Enzyme Purification. Peroxisomes were purified from 70 g of rat liver, homogenized in 0.25 M sucrose/10 mM Mops, pH 7.4/0.1% (vol/vol) ethanol/1 mM EDTA/1 mM EGTA/2 mM DTT/1 μg/ml leupeptin, by combination of differential and isopycnic centrifugation, as described (21). The matrix proteins were released by sonication (21) and subjected to five successive low-pressure chromatographic steps at 4°C. After dialysis against 20 mM Tris, pH 8.0/10 mM K-phosphate/1 mM EDTA/2 mM DTT/20% (vol/vol) glycerol/0.2% (wt/vol) Tween-20, the enzyme preparation was first applied to a DEAE-Fast Flow Sepharose column (Amersham Pharmacia; 2.6 × 10 cm). After the column was washed for 90 min, bound proteins were eluted with KCl (0 to 0.4 M over 90 min) at a flow rate of 1.47 ml/min. The enzymatically active fractions, eluted between 20 and 100 mM salt, were combined, concentrated by ultrafiltration (Centriprep-10, Amicon), and dialyzed against 20 mM K-phosphate, pH 7.0/1 mM EDTA/2 mM DTT/20% (vol/vol) glycerol/0.2% (wt/vol) Tween-20. This preparation was subjected to phosphocellulose chromatography (Whatman P11; 2.5 × 8 cm) and eluted with a linear KCl gradient at a flow rate of 1.18 ml/min (0 to 0.6 M KCl over 86 min).
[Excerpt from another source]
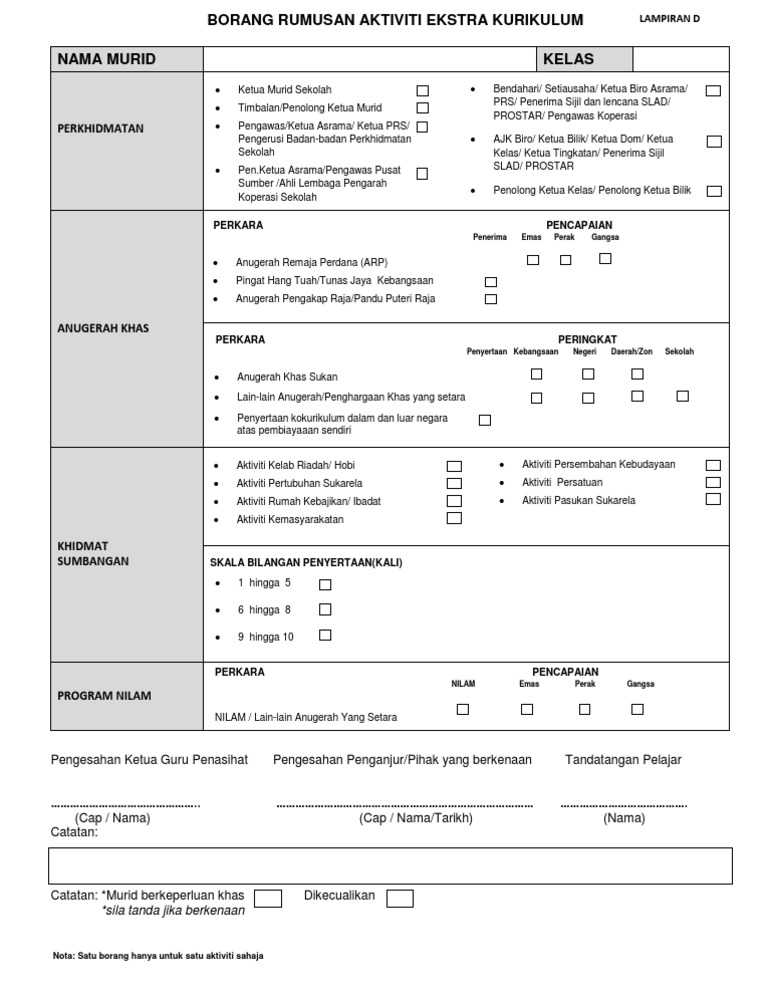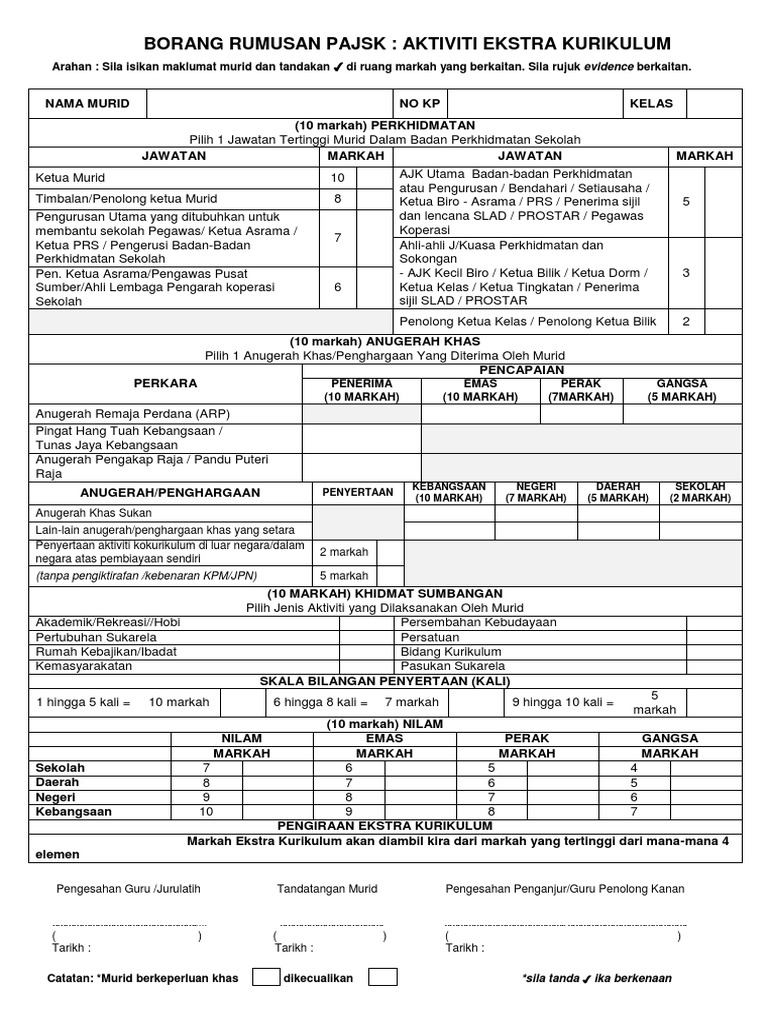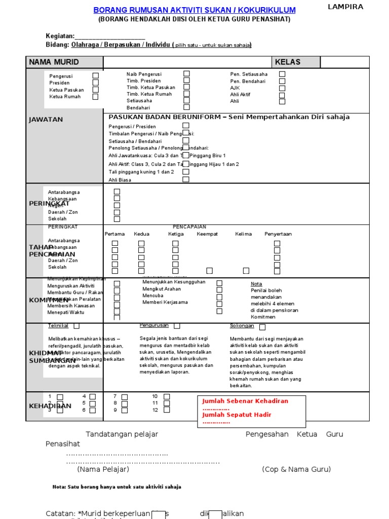 Borang rumusan aktiviti sukan kokurikulum borang hendaklah diisi oleh ketua guru penasihat kegiatan kelab catur bidang. 2019 pt lembaga hasil dalam negeri malaysia borang borang nyata perkongsian liabiliti terhad di bawah seksyen 77 a akta cukai pendapatan 1967 borang ini ditetapkan di bawah seksyen 152 akta cukai pendapatan 1967 isikan ruangan berikut liabiliti terhad. Sistem aplikasi pentaksiran aktiviti jasmani sukan dan kokurikulum pajsk adalah sistem yang dibangunkan khas untuk membantu guru guru khususnya penolong kanan kokurikulum menjalankan pentaksiran pajsk dengan lebih mudah dan efisen mengikut format dan garis panduan yang telah ditetapkan oleh bahagian kokurikulum dan kesenian kementerian pendidikan malaysia. Olahraga berpasukan individu pilih satu untuk sukan sahaja teknikal melibatkan kemahiran khusus referi pengadil jurulatih pasukan konduktor pancaragam jurulatih kadet dan lain lain yang berkaitan dengan aspek teknikal.

Enzymatically active fractions, eluted between 40 and 100 mM salt, were combined and concentrated as described above and stored at −20°C for further experiments or dialyzed against 20 mM Tris, pH 7.5/10 mM K-phosphate/2 mM DTT/20% (vol/vol) glycerol/0.2% (wt/vol) Tween-20. The dialyzed sample was passed through two Econo-Pac HTP hydroxyapatite cartridges (Bio-Rad; 5 ml) connected in series, and the proteins were eluted with a KCl gradient (0 to 0.5 M over 120 min) at a flow rate of 0.5 ml/min. After concentration, the active fractions, eluted from the hydroxyapatite column between 160 and 420 mM salt, were dialyzed against 20 mM Tris, pH 8.0/10 mM K-phosphate/2 mM DTT/20% (vol/vol) glycerol/0.2% (wt/vol) Tween-20 and applied on an anion-exchanger (Econo-Pac Q cartridges, Bio-Rad, 2 × 5 ml). Proteins were eluted with a KCl gradient (0 to 0.6 M over 120 min) at a flow rate of 1 ml/min. Final purification was obtained by subjecting the combined and concentrated active fractions of the anion exchange column (eluted between 25 and 50 mM salt) to gel filtration (Ultrogel AcA-34, 1.6 × 90 cm) in 20 mM Tris, pH 8.0/0.1 M KCl/2 mM DTT/20% (vol/vol) glycerol/0.2% (wt/vol) Tween-20 at a flow rate of 0.2 ml/min. The column was calibrated as described previously (21).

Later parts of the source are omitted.